A los tres años de llegar
aquí fue cuando desapareció Diego Nicuesa, en aquel barco del que Balboa no le
dejó desembarcar cuando fue a tomar la posesión de Santa María la Antigua del
Darién como el gobernador que era por orden real. No le vimos más. Ni a él ni a
sus hombres. Ruego a Dios que haya tenido piedad de todos ellos. Al poco de
ocurrido esto que le digo, yo me instalé en esta otra ciudad. Balboa pasó a ser
el gobernador de Veragua.
Luego su católica
Majestad, el rey Fernando, autorizó a muchos a viajar a las Indias, con pasaje
franco, con el matalotaje regalado para el viaje y un mes de comida también
regalada una vez que se llegara a Tierra Firme. Era su propósito juntar toda la
gente posible para poblar lo que ya se llamaba Castilla del Oro, que eran las
tierras que iban desde Santa María la Antigua del Darién, hacia el Oeste. Y por
eso ofreció todo eso que le he dicho. La gente toda que se juntó, que fue
mucha, iba a las órdenes de Pedrarias Dávila, que marchaba con título de
gobernador. Y debía juzgar la actuación de Balboa, que ya le digo que era muy
discutida por muchos. De los que vinieron, los hubo que lo vendieron todo para
marchar, y otros que lo empeñaron por algunos años.
La orden, ya le digo, era
poblar. Y en eso tenía preferencia la gente que había partido años antes con
Alonso de Ojeda, y que alguna quedaba todavía. Y después iba la que habíamos
llegado con Diego Nicuesa. Después iban todos los demás.
Como se retrasó el inicio
del viaje, que se había previsto para el año de mil quinientos y trece, Balboa
siguió en Tierra Firme con sus andanzas y conquistas. Descubrió el río que
llamó San Juan, por ser visto en ese día. Es muy caudaloso y de corriente
violenta. Se suele desbordar mucho. En sus orillas hay muchos pueblos de
indios, que viven en casas que están construidas sobre pilares de maderas en el
propio lecho. Así se cuidan de las fieras y de sus enemigos. Intercambiaba baratijas
con los indios, que le ofrecían muchas cosas. Le daban hasta esclavos, que allí
unos lo unos los toman como tal a los otros después de hacerse la guerra.

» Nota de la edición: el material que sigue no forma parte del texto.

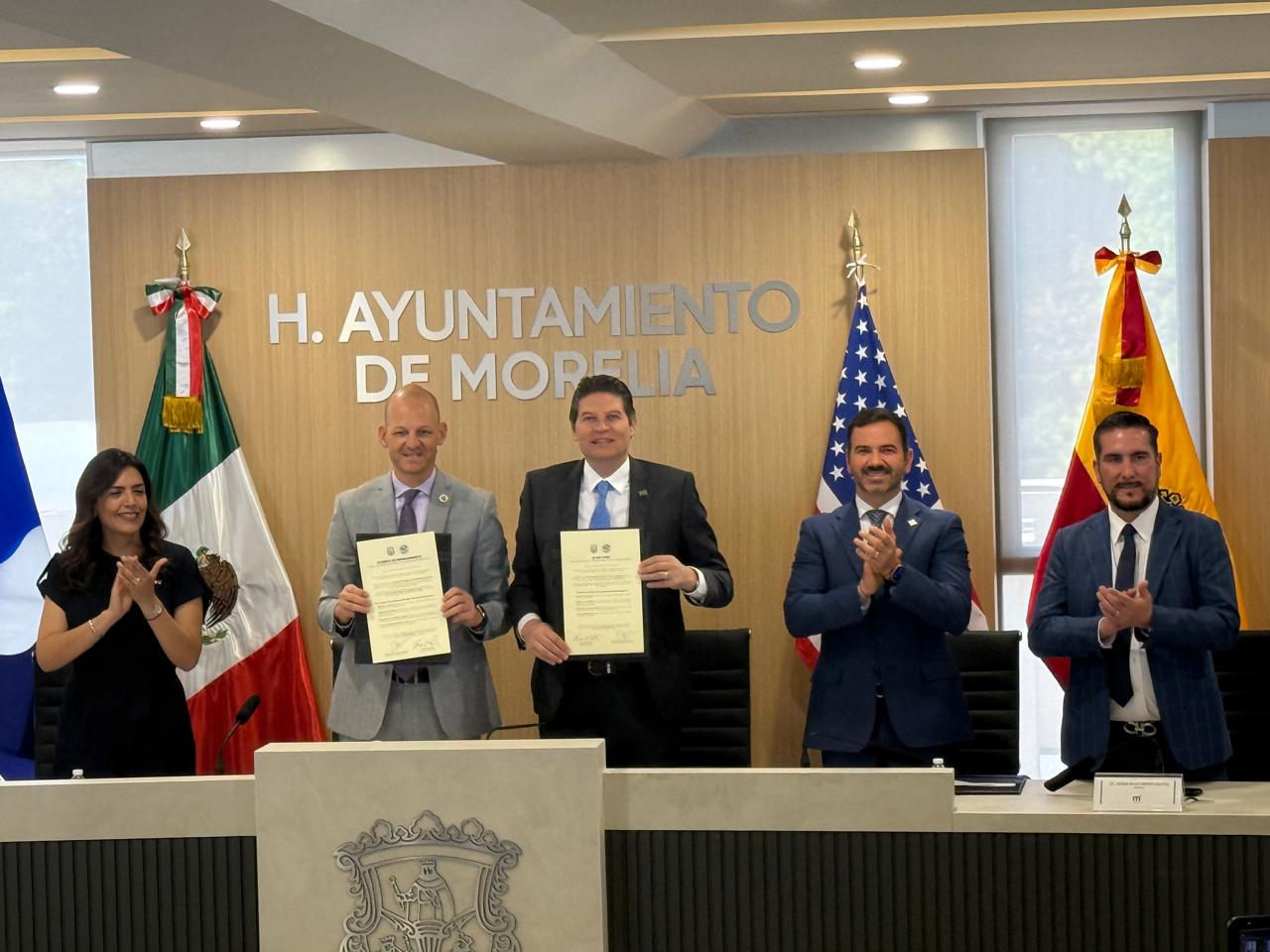 Con el fin de fortalecer lazos y respaldar a los connacionales que radican en el vecino país del norte, ante las políticas migratorias del presidente norteamericano, Donal Trump, el alcalde de Morelia, Alfonso Martínez Alcázar y su homónimo de Sacramento, California, Kevin McCarty consolidaron un hermanamiento.

Incluso, para reconocerlos, los marcan con hueso y tiznan la cicatriz de manera
que no se quita nunca, o les arrancan algún diente. Todo eso lo vio Balboa. Y
yo lo he visto después. Balboa vio mucho oro allí. Y también le hablaron de más
oro tierra adentro. Y, dicen, que allí fue cuando le hablaron por vez primera
del Mar del Sur. Balboa era amigo de varios caciques. Uno se llamaba Chima, era
el jefe de Careta, aunque ya había sido bautizado y su nombre cristiano era
Fernando, y que incluso le había concedido la mano de una de sus hijas, que se
llamaba Anayansi. Había otro cacique más, jefe de la aldea que llaman Comogre.

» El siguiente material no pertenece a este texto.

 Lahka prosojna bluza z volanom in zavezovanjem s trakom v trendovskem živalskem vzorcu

Éste se llamaba Ponquiaco, aunque fue bautizado con el nombre de Carlos. Los
dos, Chima y Ponquiaco, o Fernando y Carlos, tenían mucha gente de guerra. Y
eran diestros en ella, que todo hay que contarlo para que no nos salgamos ni un
punto de la verdad. Uno de ellos fue quien habló de ese gran mar que se
encontraba al austro a Balboa. Dicen que fue Ponquiaco quien, mediando en una
riña entre españoles por un reparto les dijo que si tanta ansía tenían por el
oro él les mostraría una provincia donde había mucho.